Research shows that most foods we put on our table have been selectively bred in some way. Here’s a revealing before and after linkshowing how certain fruits and vegetables have evolved. On the PRO side of the equation, these modifications have improved taste and our ability to digest. For centuries, farmers have chosen the best characteristics to increase the quantity and quality of crops using “hybrid” cross-breeding of the sweetest flesh and seeds to improve their flavor, texture, and quantity.
GMO is not selective breeding, however. A source of great controversy is big businesses meddling with genetics or specifically, laboratory researchers ‘messing with nature.’ Natural food companies, health-conscious citizens, and organizations (and Natural Food Certifiers) are very concerned that such tampering may create long-term unhealthy consequences in the plant and animal kingdom. Monsanto, a giant manufacturer, has been at the center of this debate. In 1901, Monsanto began as a chemical company in St. Louis, Missouri and quickly expanded into the world’s largest drug producer of aspirin. Later, Monsanto introduced polychlorinated biphenyls (PCBs) considered an ideal solution for hydraulic fluid and lubricants. However, neither substance would burn or degrade. Thus, it became an international pollution problem, affecting plants, animals, and humans. The U.S. government banned PCBs in 1979. Monsanto had also manufactured “Agent Orange” a biological weapon used in Vietnam and wars since. All these chemicals have been linked to birth defects, immune system disorders, cancer, and fatalities.

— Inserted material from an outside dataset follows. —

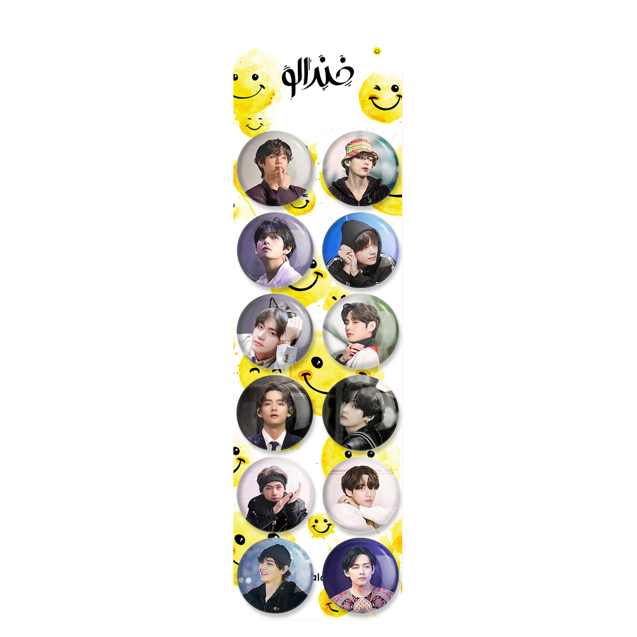 پک 12 عددی پیکسل خندالو طرح تهیونگ وی (Teahyung) بی تی اس BTS با روکش سلفون حرارتی براق ضدخش و قطعه پشتی رنگی تولید شده است. قطعات پشتی از میان 6 رنگ سفید، مشکی، صورتی، زرد، آبی و قرمز که با توجه به نوع و رنگبندی طرح روی پیکسل انتخاب شده اند تولید می شود و در هر بسته بندی مطابق عکس محصول می باشد. قطعات پلاستیکی پشت پیکسل با سوزن یک تکه ثابت و بدون لغزش و جا به جایی، ایستایی بسیار بهتری نسبت به پشتی فلزی پیکسل دارند که این مهم در تولید این محصول نیز رعایت شده است.
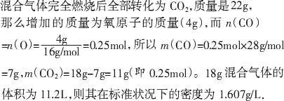 现有CO和CO2的混合气体18 g,完全燃烧后得到的气体的体积为11.2 L(标准状况),质量是22 g,则原混合气体中CO2的质量为________g,CO的物质的量为________mol,混合气体在标准状况下的密度是________.

So in the 1980s, Monsanto changed its “chemical” mission, buying seed companies and beginning biogenetic research. As a result, the first GMOs were created. Almost a quarter of a century later, in 1994, with approval from the US Department of Agriculture (USDA), farmers began growing soybeans with Monsanto’s GMO seeds, making their crops immune to the most commonly used weed killer in the industry (another Monsanto product: Round-Up). While it has a “pokey” cowboy sound this has been connected to many side-effects and lawsuits. Percy Schmeiser, a Canadian farmer was sued by Monsanto in 1998 for refusing to pay a licensing fee when GMO Monsanto engineered seeds had “blown” onto his farm. Thus, while Percy may have grown the crop unintentionally, Monsanto wanted to make an example and took Percy to court. The story literally blew-up as it became a documentary called David vs. Monsanto, reinforcing in the public imagination the idea of the company as a Goliath using its deep pockets to prosecute poor farmers.
After years of new research, evidence in favor of GMOs is beginning to surface in the public consciousness. “The National Academy [of Sciences] in the US has done a thorough study that shows there is no evidence of harm for human health or for the health of the environment. These studies have been pretty exhaustive over the last twenty to thirty years,” said Dr. Sarah Davidson Evanega, Director of Cornell Alliance for Science, an organization that supports “evidence-based decision-making in agriculture.” She continued to exclaim, “increasingly, the coverage of technology by reputable media outlets is very much based in science – and people don’t want to get on the wrong side of science…there is a scientific consensus around climate change, and there’s a scientific consensus around the safety of GM crops, and you can’t deny one scientific consensus and embrace the other; you’re either on the side of science, or you’re not.” She is a scientist who is not opposing further production of GMOs.
A lot of the bad press about GMOs lacks scientific evidence and makes nonsensical comparisons. The American chestnut tree, for example; in an attempt to bring the tree back from near-extinction, has been engineered using a gene from wheat, protecting it from a fungal disease called ‘chestnut blight’ which “ has basically killed every nut-bearing American chestnut tree on the planet over the last hundred years,” Evanega explained. “If we think about the efforts that have been made to re-populate forests of the eastern U.S. with nearly extinct species, that’s very different from badly modified Round-Up Ready corn.”